Beginning at the line containing "matching passenger seat.", repeat each line below exactly up to and including the line containing "上述这5家公司均由同方股份1". Do not repeat the pictures.

INPUT Block Start

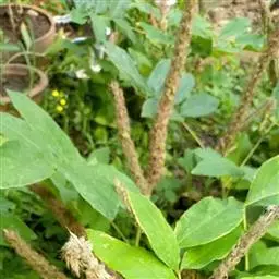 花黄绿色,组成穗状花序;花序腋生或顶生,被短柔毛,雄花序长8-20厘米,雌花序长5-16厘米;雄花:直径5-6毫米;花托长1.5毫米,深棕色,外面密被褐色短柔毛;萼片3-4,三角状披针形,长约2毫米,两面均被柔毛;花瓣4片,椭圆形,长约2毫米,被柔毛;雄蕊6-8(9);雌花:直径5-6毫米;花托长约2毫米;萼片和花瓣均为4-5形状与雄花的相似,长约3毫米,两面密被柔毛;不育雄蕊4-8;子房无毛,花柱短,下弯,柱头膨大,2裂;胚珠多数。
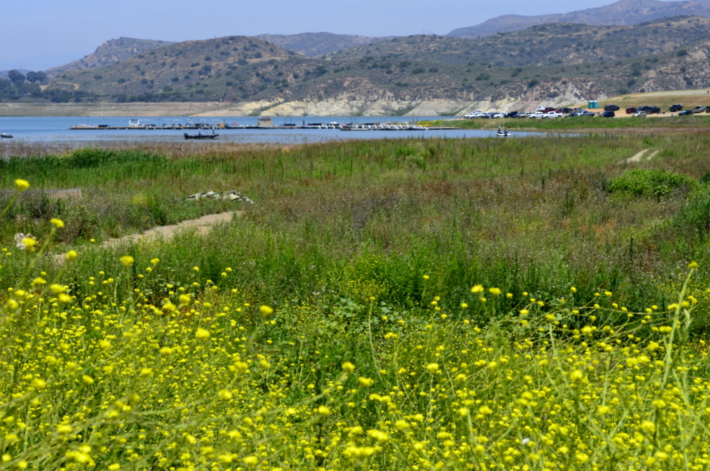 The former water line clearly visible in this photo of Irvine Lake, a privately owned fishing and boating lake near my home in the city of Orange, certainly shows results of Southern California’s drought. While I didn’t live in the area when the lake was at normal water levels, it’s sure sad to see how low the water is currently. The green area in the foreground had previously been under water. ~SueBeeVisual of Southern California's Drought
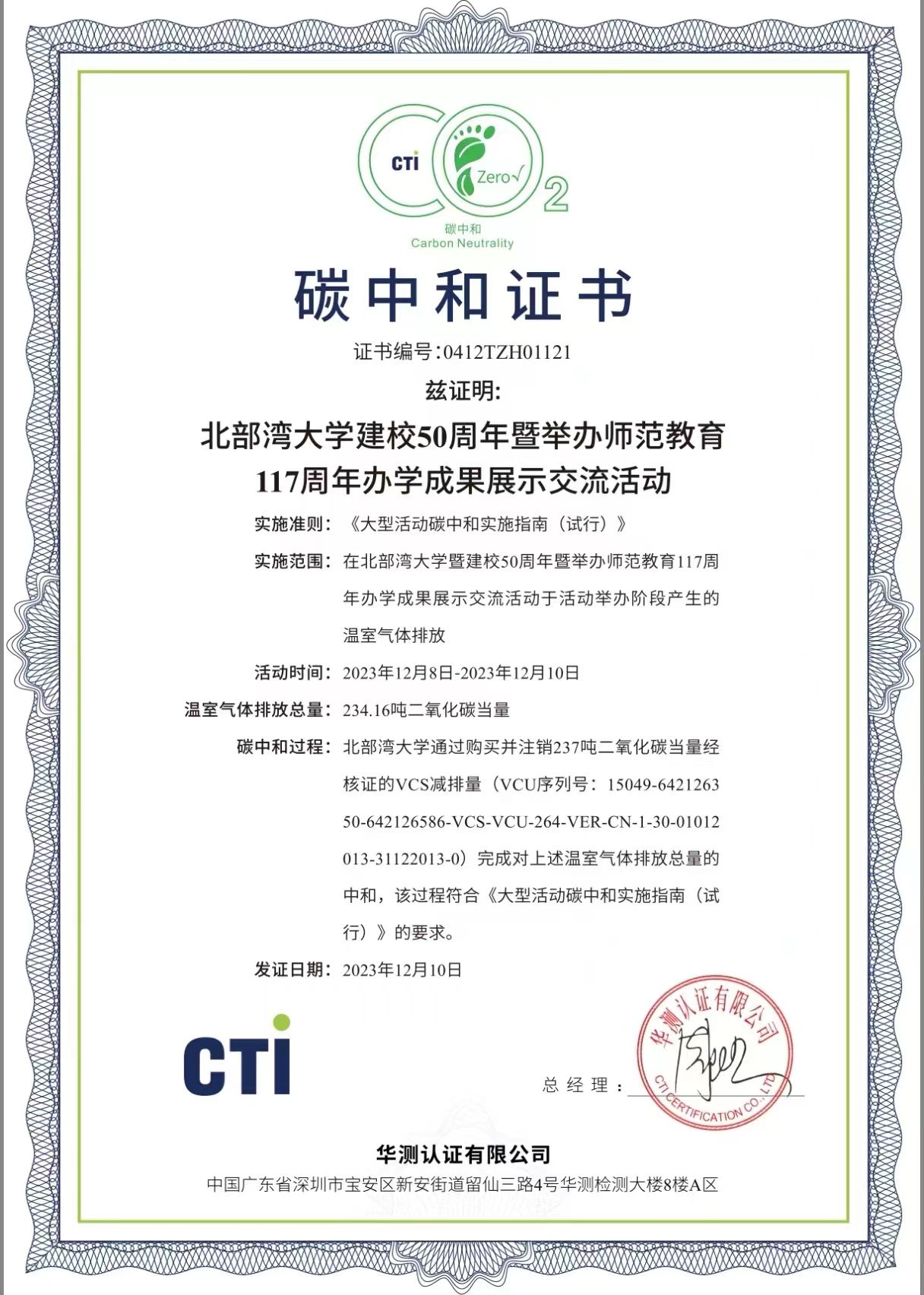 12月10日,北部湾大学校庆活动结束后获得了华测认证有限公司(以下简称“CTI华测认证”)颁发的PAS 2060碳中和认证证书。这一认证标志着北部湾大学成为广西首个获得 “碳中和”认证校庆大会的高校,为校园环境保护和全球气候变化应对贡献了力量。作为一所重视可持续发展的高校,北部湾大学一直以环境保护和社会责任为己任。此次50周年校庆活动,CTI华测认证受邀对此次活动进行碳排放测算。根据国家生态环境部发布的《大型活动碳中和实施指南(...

INPUT Block End
INPUT Block Start

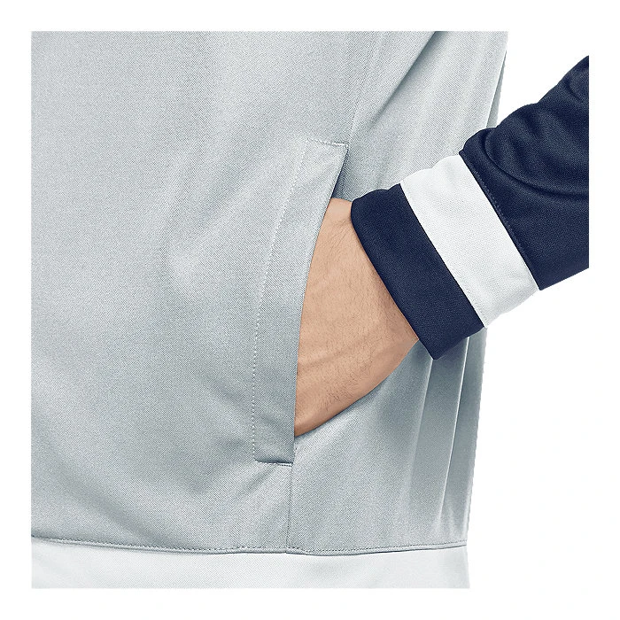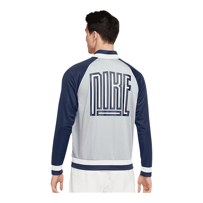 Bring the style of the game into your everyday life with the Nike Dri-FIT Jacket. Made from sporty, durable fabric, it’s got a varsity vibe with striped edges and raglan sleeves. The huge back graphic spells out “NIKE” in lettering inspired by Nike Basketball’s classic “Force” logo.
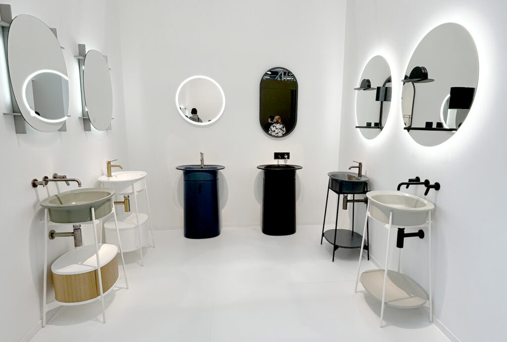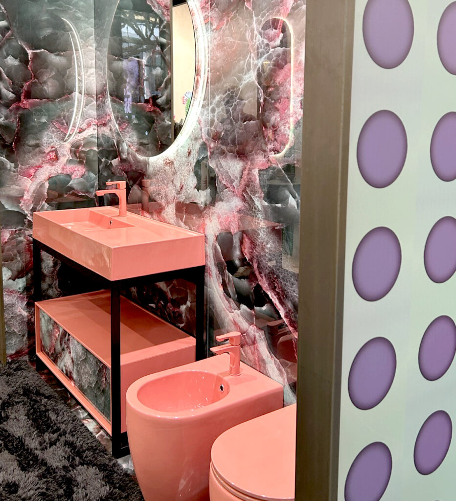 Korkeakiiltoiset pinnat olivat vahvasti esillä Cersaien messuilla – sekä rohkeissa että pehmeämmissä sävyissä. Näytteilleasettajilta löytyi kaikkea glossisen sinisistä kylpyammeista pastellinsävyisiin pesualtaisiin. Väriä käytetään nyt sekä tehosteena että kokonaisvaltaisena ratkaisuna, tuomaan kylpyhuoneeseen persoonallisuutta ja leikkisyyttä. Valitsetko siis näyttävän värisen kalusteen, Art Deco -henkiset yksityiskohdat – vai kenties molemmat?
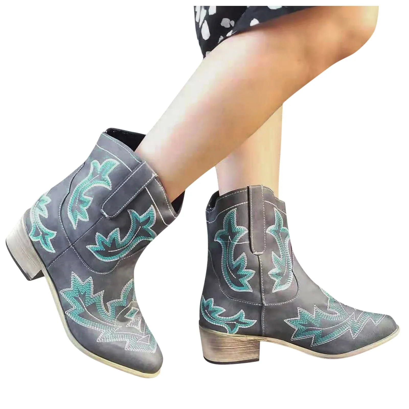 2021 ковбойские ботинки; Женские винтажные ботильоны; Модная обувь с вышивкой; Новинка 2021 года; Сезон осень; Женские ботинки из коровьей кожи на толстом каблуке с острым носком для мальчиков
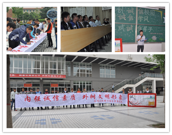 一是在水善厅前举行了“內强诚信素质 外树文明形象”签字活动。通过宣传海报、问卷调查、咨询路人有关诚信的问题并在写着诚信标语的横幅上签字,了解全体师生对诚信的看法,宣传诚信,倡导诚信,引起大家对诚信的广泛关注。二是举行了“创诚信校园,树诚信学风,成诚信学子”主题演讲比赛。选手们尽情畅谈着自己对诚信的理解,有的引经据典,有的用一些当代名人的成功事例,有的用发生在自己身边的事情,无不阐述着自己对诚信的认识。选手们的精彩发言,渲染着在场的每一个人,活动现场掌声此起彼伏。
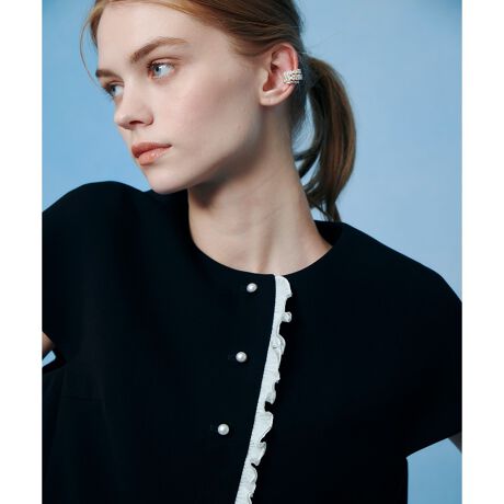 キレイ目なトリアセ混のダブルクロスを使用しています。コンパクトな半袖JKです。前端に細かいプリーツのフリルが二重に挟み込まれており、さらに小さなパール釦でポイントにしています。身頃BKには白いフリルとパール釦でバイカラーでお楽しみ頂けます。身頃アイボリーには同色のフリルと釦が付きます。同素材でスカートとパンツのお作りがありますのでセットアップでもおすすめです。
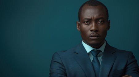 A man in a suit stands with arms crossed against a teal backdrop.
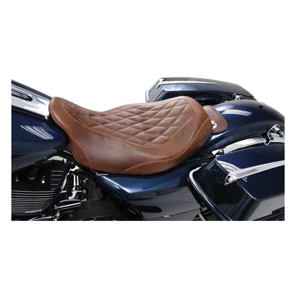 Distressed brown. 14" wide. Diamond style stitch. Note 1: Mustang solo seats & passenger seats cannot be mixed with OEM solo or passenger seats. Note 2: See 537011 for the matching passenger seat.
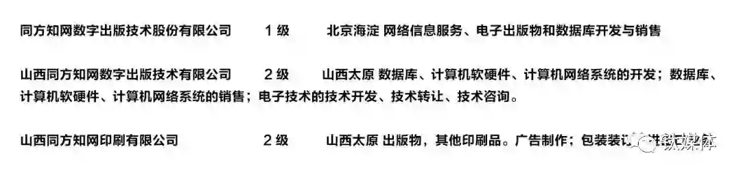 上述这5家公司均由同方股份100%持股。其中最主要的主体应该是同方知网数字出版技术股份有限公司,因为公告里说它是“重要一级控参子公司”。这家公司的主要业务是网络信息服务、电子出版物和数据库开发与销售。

INPUT Block End
INPUT Block Start

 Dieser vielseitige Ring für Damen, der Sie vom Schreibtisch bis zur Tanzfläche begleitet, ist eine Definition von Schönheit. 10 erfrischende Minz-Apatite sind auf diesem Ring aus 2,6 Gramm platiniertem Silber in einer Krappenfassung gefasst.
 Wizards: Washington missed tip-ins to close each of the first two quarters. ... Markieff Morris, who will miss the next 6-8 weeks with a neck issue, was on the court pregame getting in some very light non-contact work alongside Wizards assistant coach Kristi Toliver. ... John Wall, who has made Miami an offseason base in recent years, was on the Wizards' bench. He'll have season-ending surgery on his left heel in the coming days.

INPUT Block End

→ **TASK SOLUTION**:
 Distressed brown. 14" wide. Diamond style stitch. Note 1: Mustang solo seats & passenger seats cannot be mixed with OEM solo or passenger seats. Note 2: See 537011 for the matching passenger seat.
 上述这5家公司均由同方股份100%持股。其中最主要的主体应该是同方知网数字出版技术股份有限公司,因为公告里说它是“重要一级控参子公司”。这家公司的主要业务是网络信息服务、电子出版物和数据库开发与销售。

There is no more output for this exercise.